Cuenta don Antonio Paredes Candia que en su largo peregrinaje para donar a la ciudad de El Alto sus valiosas colecciones, el ex alcalde Flavio Clavijo había ordenado a uno de sus técnicos que lo acompañara en un recorrido para ubicar y elegir el lugar donde pueda ser levantado el museo. Después de mucho caminar, a la entrada de Ciudad Satélite se toparon con el susodicho «monumento» a la ineficiencia de CONAVI y, con sólo verlo, en su mente brotó la idea de adaptarlo a sus fines. A los técnicos municipales no les gustó la propuesta pues calculaban que la demolición del adefesio de cemento encarecería las obras. Los arquitectos pensaban lo mismo, había que echarlo abajo. Paredes Candia los paró en seco: ¡cómo que demolerlo, utilizaremos esta estructura como esqueleto para la edificación del museo! Y así fue. El 29 de mayo del año 2002 abrió sus puertas al público esta meritoria y desafiante obra, con una arquitectura muy peculiar y a la vez tan funcional, que a nadie se
le ocurriría sospechar de sus orígenes descarriados.

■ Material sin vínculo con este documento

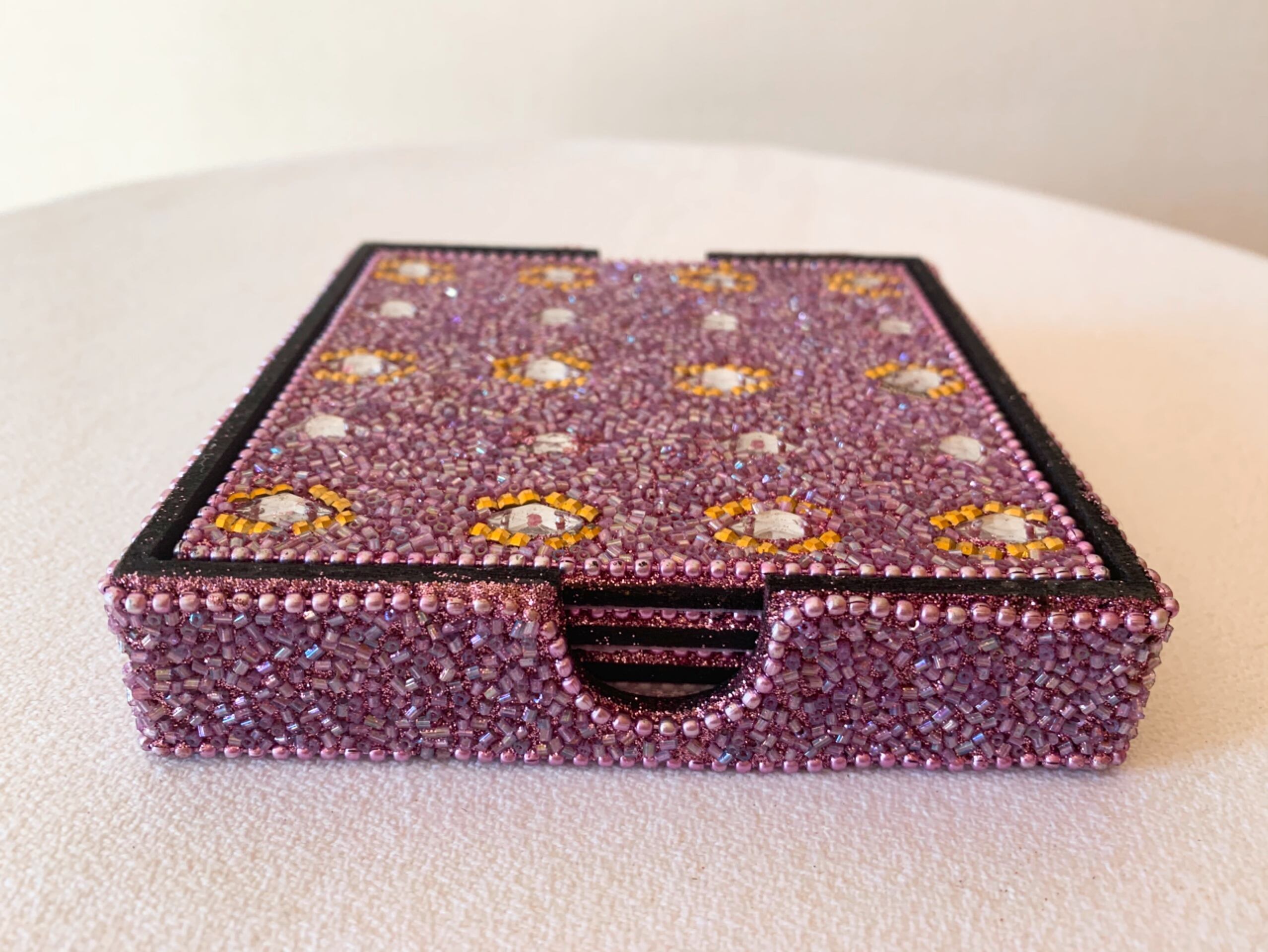 キラキラのビーズが散りばめられたコースターです。
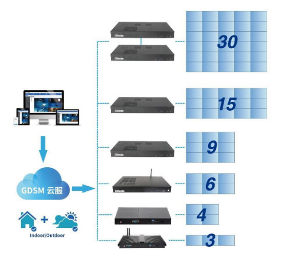 与常规分屏展示方案不同,在米兰拼接控制器的视频输出能力和GDSM系统分组设置能力的组合下,店铺可以随时调整的拼接放置样式;快速设置屏幕的拼接、分组方式;快速编辑制作并发布信息;是一套安装部署迅速、内容调整迅速、更新反馈迅速的一体化信息发布方案。

Una millonada en obras de arte
Especialistas museólogos del Viceministerio de Cultura evaluaron al detalle las piezas donadas por don Antonio y las tasaron en la conservadora y modesta suma de 850.000 dólares. Esta cifra podría fácilmente llegar al millón, si se considera las tendencias del mercado siempre ávido de las mejores piezas de los más famosos y ya casi todos desaparecidos artistas. Por ejemplo, «Tambo» de Arturo Borda; «Plato vacío» de Wálter Solón Romero; «Paisaje campestre» de María Luisa Pacheco o «Músico» de Mario Alejandro Illanes, además de otros de Luis Luksic, Eduardo Espinoza, Juan Ortega Leytón, Angel Oblitas, Chire Barrientos, Silvia Peñaloza, Clovis Diaz y cuantos más. También «Mujer y niño», escultura en basalto de Marina Nuñez del Prado; «Cóndor», «Madre», «Ternura» y otras de Víctor Zapana; «Labrador», «El beso» y otras de Agustín Callizaya y Emiliano Luján.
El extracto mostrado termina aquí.